[Data excerpts]
== Segment start ==

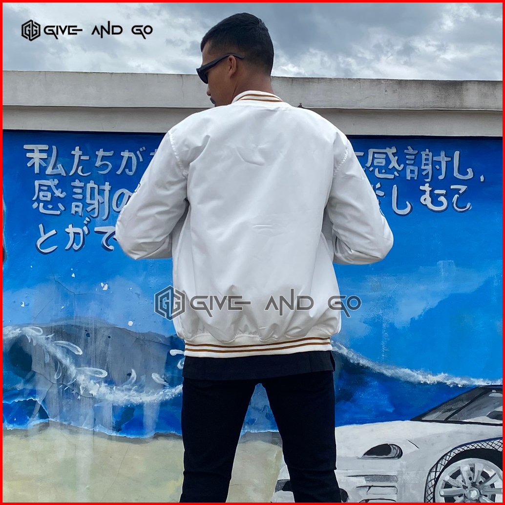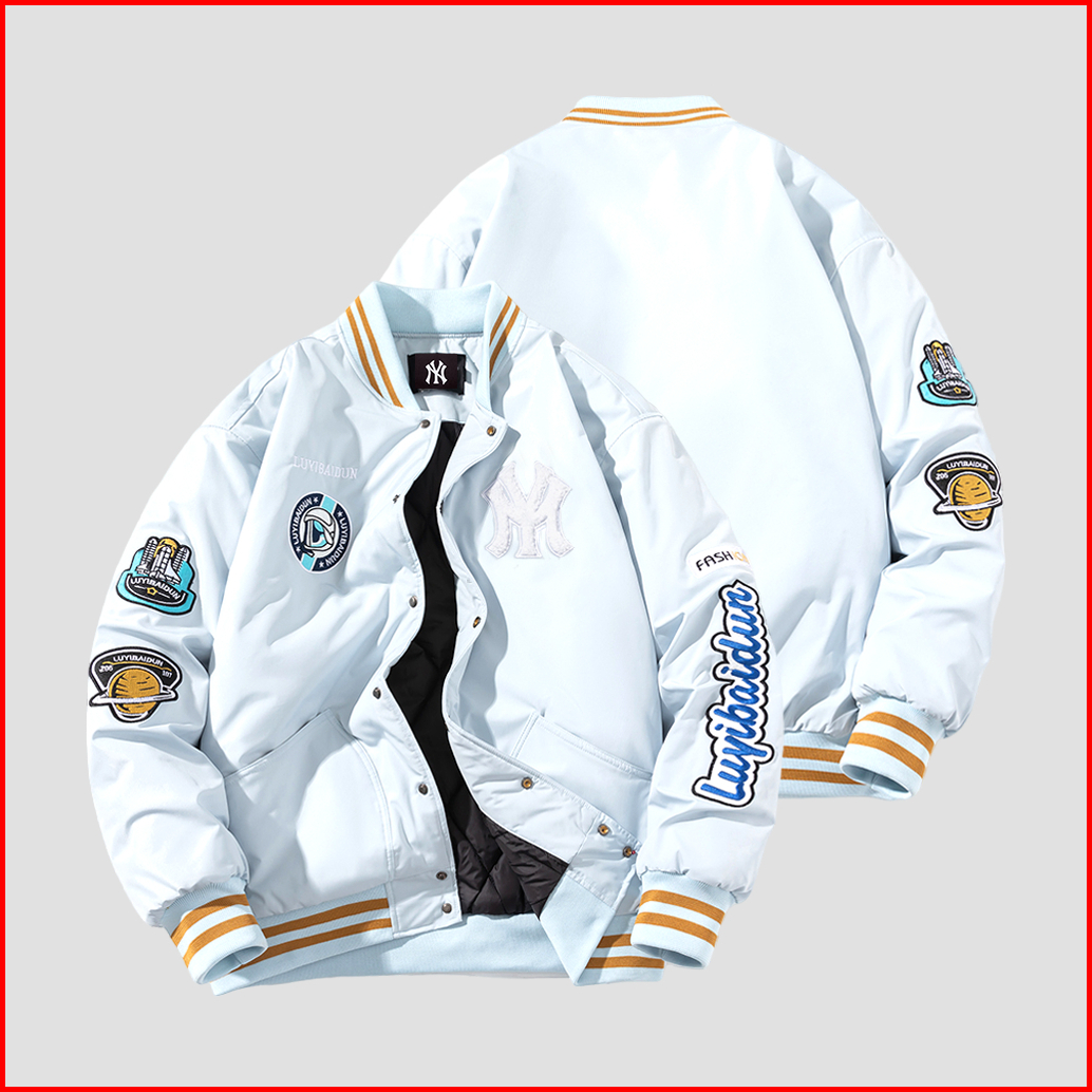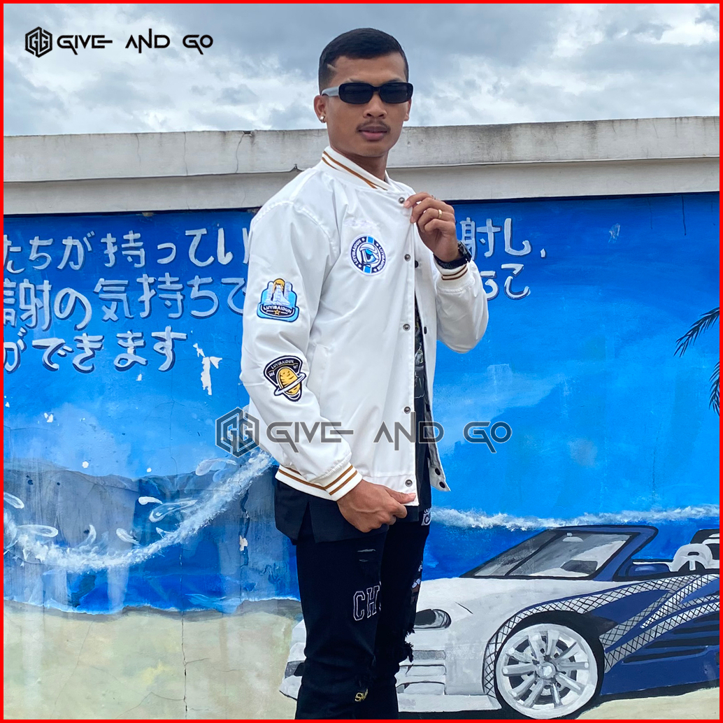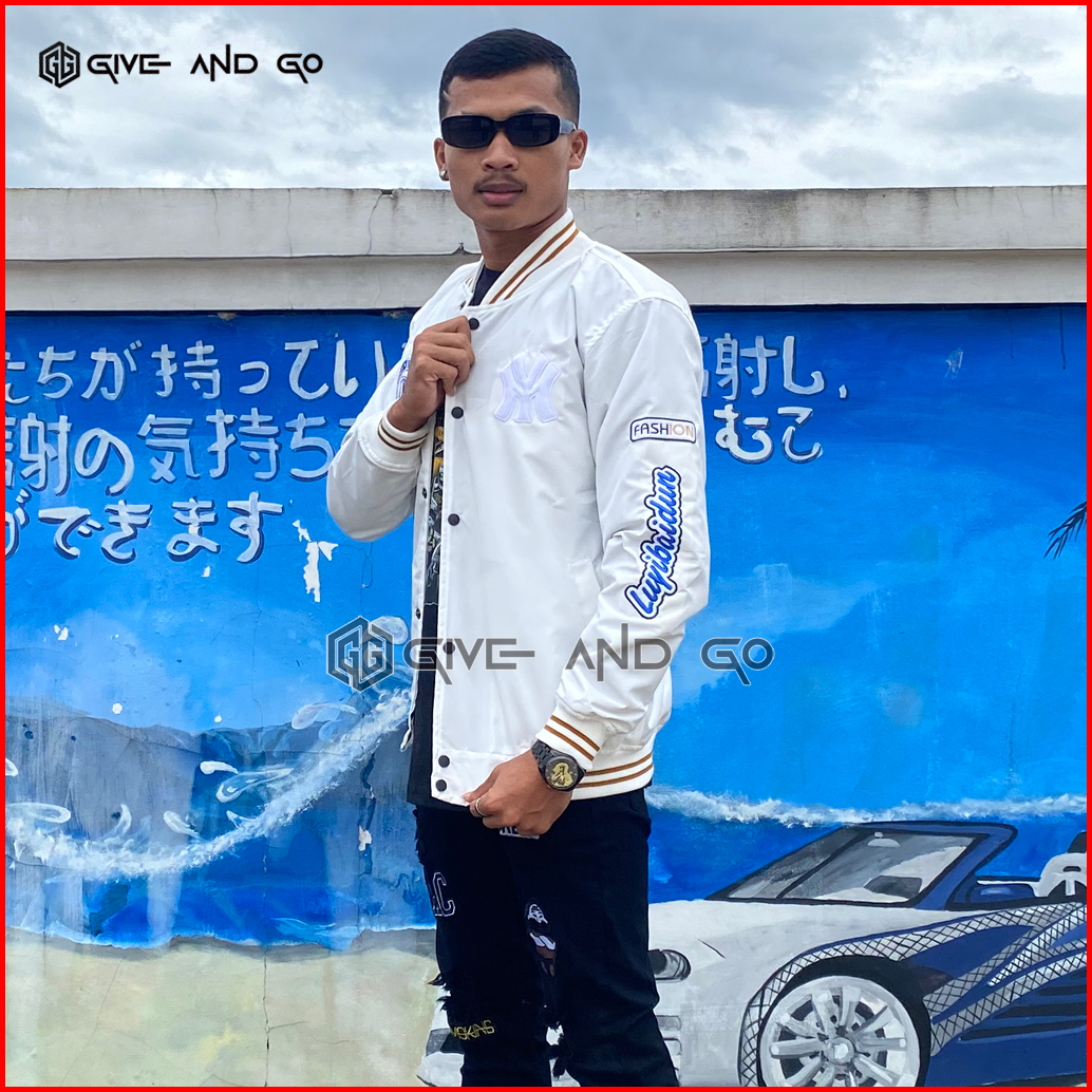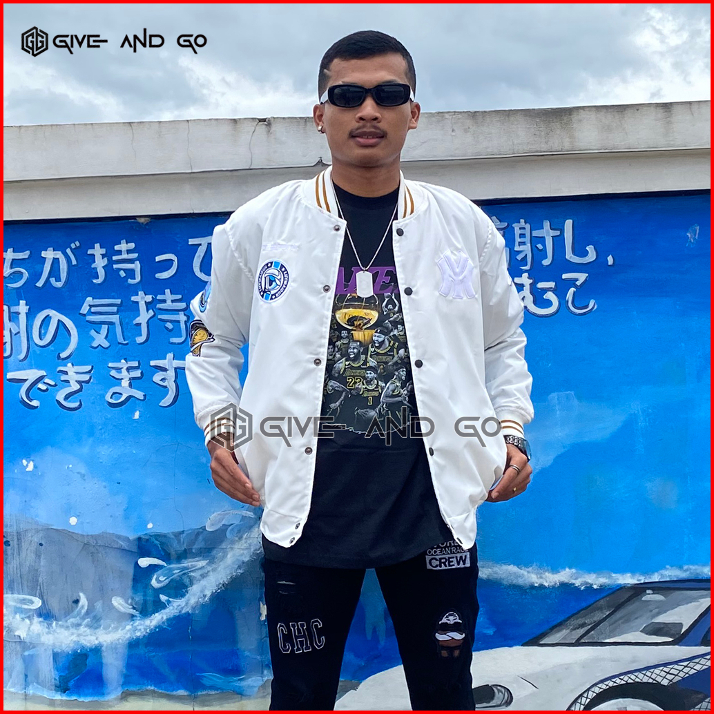 Jaket Baseball Varsity Casual Vintage Putih Pria Wanita Korean Style Full Bordir
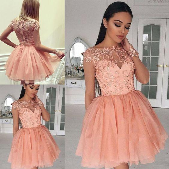 Short Beaded Coral Eliza Homecoming Dresses CD225
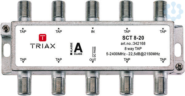8-fach-Abzweiger, ideal für den Einsatz in SAT-ZF- und DVB-T Verteilanlagen, Frequenzbereich 5 - 2400 MHz, DC-Durchlass von allen Ausgängen, entkoppelt über Dioden zum Eingang, A-Klasse Schirmung gegen Einstrahlungen wie LTE Telefonie, hochwertiges Zink-Druckgussgehäuse, zinnbeschichtet mit verlöteter Grundplatte, Klemmen für Potentialausgleich
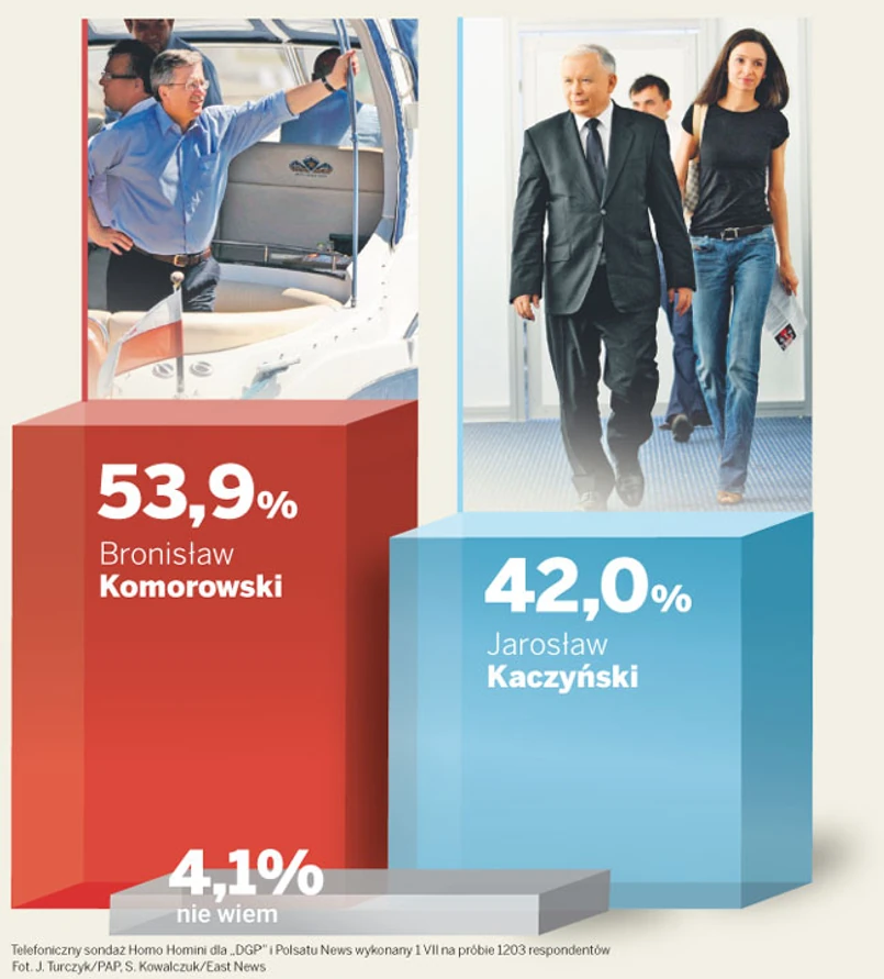 Wygrany przez prezesa PiS środowy pojedynek z marszałkiem Sejmu w TV zatrzymał niekorzystną tendencję, która uwidoczniła się w wewnętrznych badaniach sztabów po pierwszym, niewątpliwie przegranym starciu telewizyjnym. Według analizy wykonanej przez instytut Homo Homini przewaga Komorowskiego w niedzielę zmaleje. Bo wielu potencjalnych wyborców Platformy wyjedzie poza swoje miejsce zamieszkania. Meteorolodzy zapowiadają słoneczny weekend. A nie wszyscy pamiętali o zaświadczeniach do głosowania. Dziś ostatnia szansa.
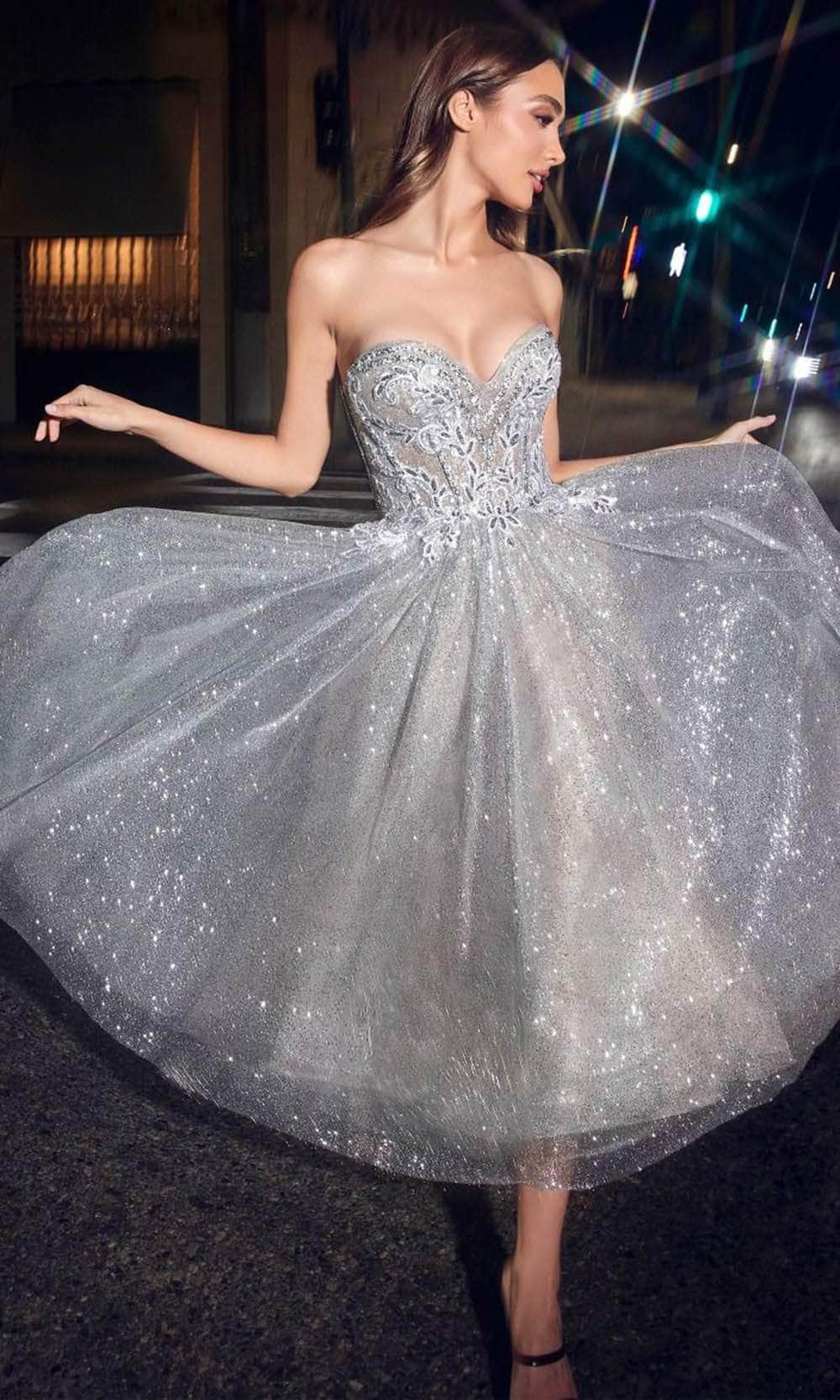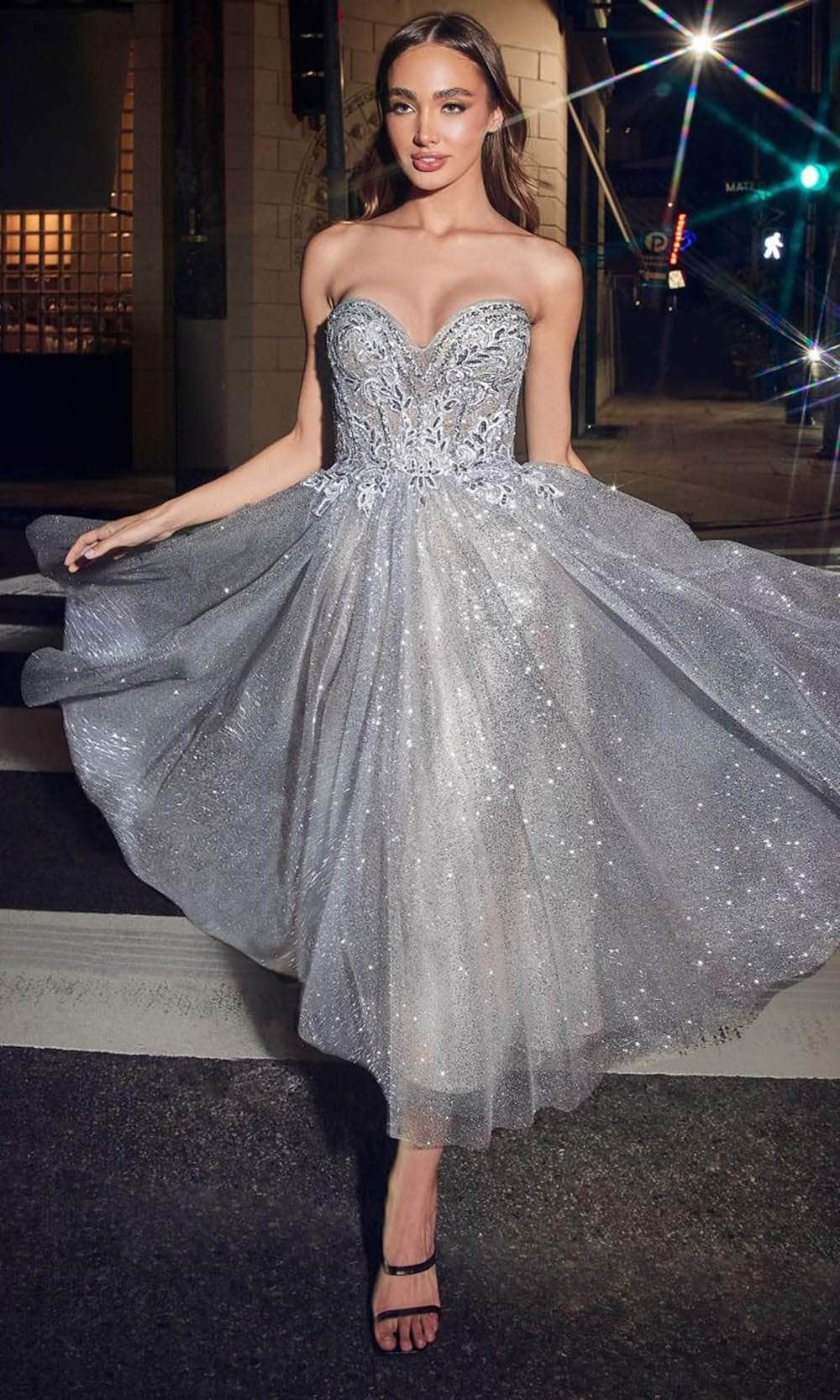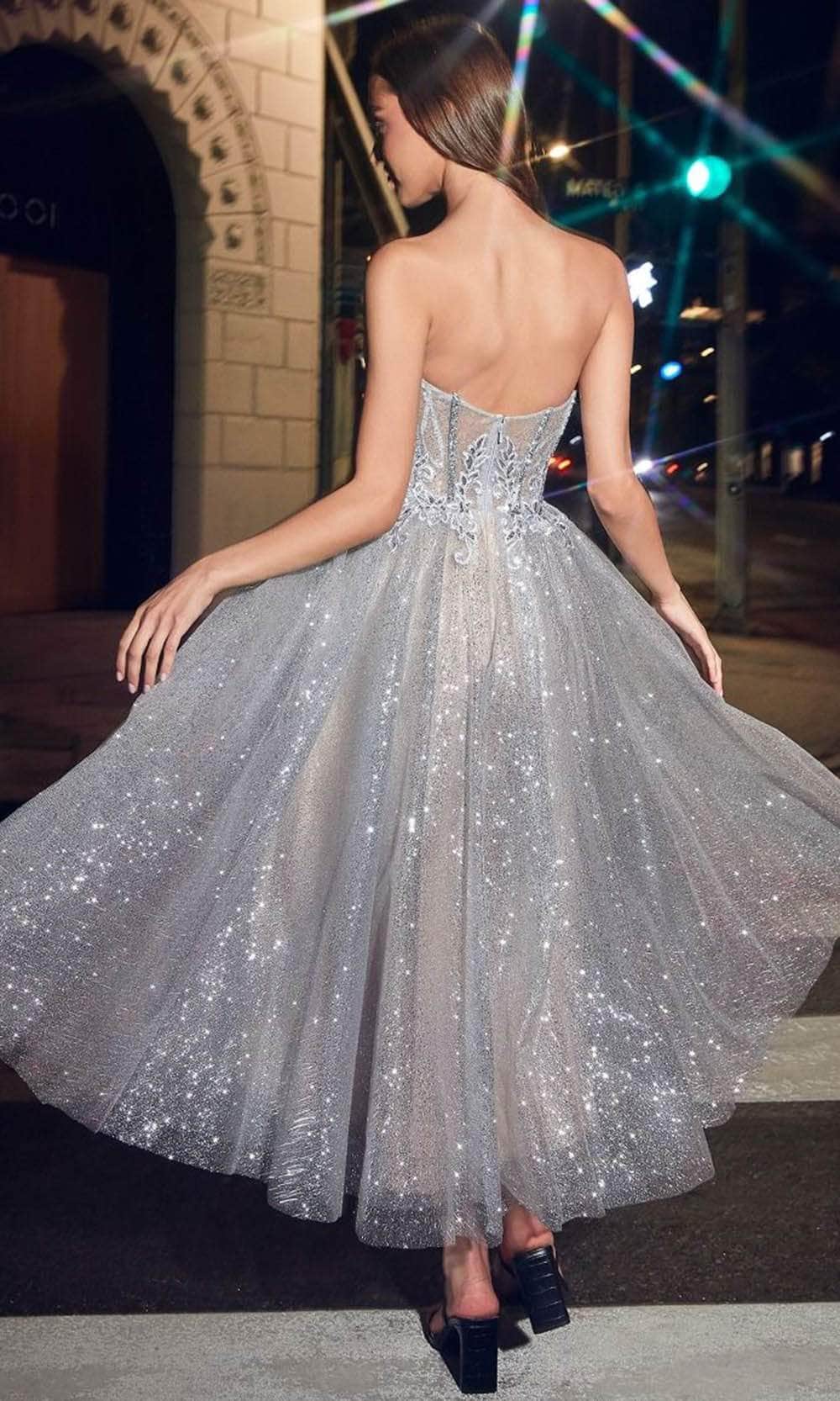 Shine in the spotlight with Cinderella Divine CD871, a strapless A-line dress that ensures you feel like the true showstopper you are. Crafted to capture attention, this gown features a fully glittered fabric that sparkles with every movement, a layered tulle skirt adding volume and grace, and a lace-embellished bodice for a touch of sophistication. Expertly tailored to highlight your waist and enhance your figure, this dress guarantees a stunning appearance. Light up any event with your charm and elegance in the stunning Cinderella Divine CD871. Model is wearing Silver color.

== Segment end ==

What you will do:
One exact copy of the data, no pictures: write it out line for line.

Solution to this problem:
 Jaket Baseball Varsity Casual Vintage Putih Pria Wanita Korean Style Full Bordir
 Short Beaded Coral Eliza Homecoming Dresses CD225
8-fach-Abzweiger, ideal für den Einsatz in SAT-ZF- und DVB-T Verteilanlagen, Frequenzbereich 5 - 2400 MHz, DC-Durchlass von allen Ausgängen, entkoppelt über Dioden zum Eingang, A-Klasse Schirmung gegen Einstrahlungen wie LTE Telefonie, hochwertiges Zink-Druckgussgehäuse, zinnbeschichtet mit verlöteter Grundplatte, Klemmen für Potentialausgleich
 Wygrany przez prezesa PiS środowy pojedynek z marszałkiem Sejmu w TV zatrzymał niekorzystną tendencję, która uwidoczniła się w wewnętrznych badaniach sztabów po pierwszym, niewątpliwie przegranym starciu telewizyjnym. Według analizy wykonanej przez instytut Homo Homini przewaga Komorowskiego w niedzielę zmaleje. Bo wielu potencjalnych wyborców Platformy wyjedzie poza swoje miejsce zamieszkania. Meteorolodzy zapowiadają słoneczny weekend. A nie wszyscy pamiętali o zaświadczeniach do głosowania. Dziś ostatnia szansa.
 Shine in the spotlight with Cinderella Divine CD871, a strapless A-line dress that ensures you feel like the true showstopper you are. Crafted to capture attention, this gown features a fully glittered fabric that sparkles with every movement, a layered tulle skirt adding volume and grace, and a lace-embellished bodice for a touch of sophistication. Expertly tailored to highlight your waist and enhance your figure, this dress guarantees a stunning appearance. Light up any event with your charm and elegance in the stunning Cinderella Divine CD871. Model is wearing Silver color.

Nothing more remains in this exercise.